Collection entries:
▶
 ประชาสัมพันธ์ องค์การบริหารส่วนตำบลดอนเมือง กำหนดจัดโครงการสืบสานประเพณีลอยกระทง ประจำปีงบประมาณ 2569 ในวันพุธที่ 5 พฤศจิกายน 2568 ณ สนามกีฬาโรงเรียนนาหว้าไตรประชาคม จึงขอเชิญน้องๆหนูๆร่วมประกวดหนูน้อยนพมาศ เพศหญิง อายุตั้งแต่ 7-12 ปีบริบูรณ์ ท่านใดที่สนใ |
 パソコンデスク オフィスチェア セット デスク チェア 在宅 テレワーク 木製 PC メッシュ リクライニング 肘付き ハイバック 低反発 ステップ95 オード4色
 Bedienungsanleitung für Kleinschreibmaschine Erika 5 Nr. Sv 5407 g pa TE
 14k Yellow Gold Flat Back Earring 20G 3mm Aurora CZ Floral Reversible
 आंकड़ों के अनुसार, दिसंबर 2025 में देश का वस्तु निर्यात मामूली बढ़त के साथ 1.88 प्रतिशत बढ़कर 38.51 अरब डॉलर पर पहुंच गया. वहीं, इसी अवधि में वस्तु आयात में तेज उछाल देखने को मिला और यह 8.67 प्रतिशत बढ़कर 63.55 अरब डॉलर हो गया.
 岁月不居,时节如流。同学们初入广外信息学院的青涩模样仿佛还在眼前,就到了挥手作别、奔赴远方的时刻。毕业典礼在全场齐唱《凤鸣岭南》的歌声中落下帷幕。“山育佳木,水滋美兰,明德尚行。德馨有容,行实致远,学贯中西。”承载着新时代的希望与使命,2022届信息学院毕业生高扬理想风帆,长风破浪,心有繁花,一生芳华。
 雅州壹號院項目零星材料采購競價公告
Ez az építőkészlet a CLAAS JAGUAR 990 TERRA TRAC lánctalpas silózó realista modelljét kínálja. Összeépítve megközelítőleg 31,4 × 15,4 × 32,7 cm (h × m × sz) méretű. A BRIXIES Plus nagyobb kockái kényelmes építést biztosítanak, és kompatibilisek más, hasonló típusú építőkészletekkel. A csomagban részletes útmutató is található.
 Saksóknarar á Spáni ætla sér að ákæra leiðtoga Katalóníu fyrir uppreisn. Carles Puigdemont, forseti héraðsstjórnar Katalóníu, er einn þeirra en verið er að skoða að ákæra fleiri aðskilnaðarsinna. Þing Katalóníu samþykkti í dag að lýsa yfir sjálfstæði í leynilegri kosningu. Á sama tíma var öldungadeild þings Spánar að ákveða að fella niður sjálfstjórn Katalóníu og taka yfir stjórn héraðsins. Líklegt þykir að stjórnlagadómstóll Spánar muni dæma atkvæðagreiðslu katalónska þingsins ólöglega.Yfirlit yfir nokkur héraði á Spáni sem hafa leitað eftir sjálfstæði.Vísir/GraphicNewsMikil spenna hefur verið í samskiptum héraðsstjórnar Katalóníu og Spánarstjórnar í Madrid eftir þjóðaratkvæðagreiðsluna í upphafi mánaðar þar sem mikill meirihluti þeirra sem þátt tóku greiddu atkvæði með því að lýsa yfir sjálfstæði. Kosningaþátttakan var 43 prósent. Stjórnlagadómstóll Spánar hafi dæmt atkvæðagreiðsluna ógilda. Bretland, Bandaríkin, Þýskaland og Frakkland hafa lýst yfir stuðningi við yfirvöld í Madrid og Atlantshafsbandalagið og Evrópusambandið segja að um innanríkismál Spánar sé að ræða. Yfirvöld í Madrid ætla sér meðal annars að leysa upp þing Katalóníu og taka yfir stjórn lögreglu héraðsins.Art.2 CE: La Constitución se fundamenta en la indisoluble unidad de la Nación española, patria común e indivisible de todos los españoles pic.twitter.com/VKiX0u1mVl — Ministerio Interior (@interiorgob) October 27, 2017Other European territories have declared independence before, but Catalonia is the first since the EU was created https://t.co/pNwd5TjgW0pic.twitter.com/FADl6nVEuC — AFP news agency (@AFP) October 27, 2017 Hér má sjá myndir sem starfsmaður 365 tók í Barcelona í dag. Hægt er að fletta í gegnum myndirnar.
◀
--- Aim of the task ---
Set down each line exactly as it appears, starting at the top of the data and ending at the line containing "Bedienungsanleitung für Kleinschreibmaschine", and include no other lines.

--- Task output ---
 ประชาสัมพันธ์ องค์การบริหารส่วนตำบลดอนเมือง กำหนดจัดโครงการสืบสานประเพณีลอยกระทง ประจำปีงบประมาณ 2569 ในวันพุธที่ 5 พฤศจิกายน 2568 ณ สนามกีฬาโรงเรียนนาหว้าไตรประชาคม จึงขอเชิญน้องๆหนูๆร่วมประกวดหนูน้อยนพมาศ เพศหญิง อายุตั้งแต่ 7-12 ปีบริบูรณ์ ท่านใดที่สนใ |
 パソコンデスク オフィスチェア セット デスク チェア 在宅 テレワーク 木製 PC メッシュ リクライニング 肘付き ハイバック 低反発 ステップ95 オード4色
 Bedienungsanleitung für Kleinschreibmaschine Erika 5 Nr. Sv 5407 g pa TE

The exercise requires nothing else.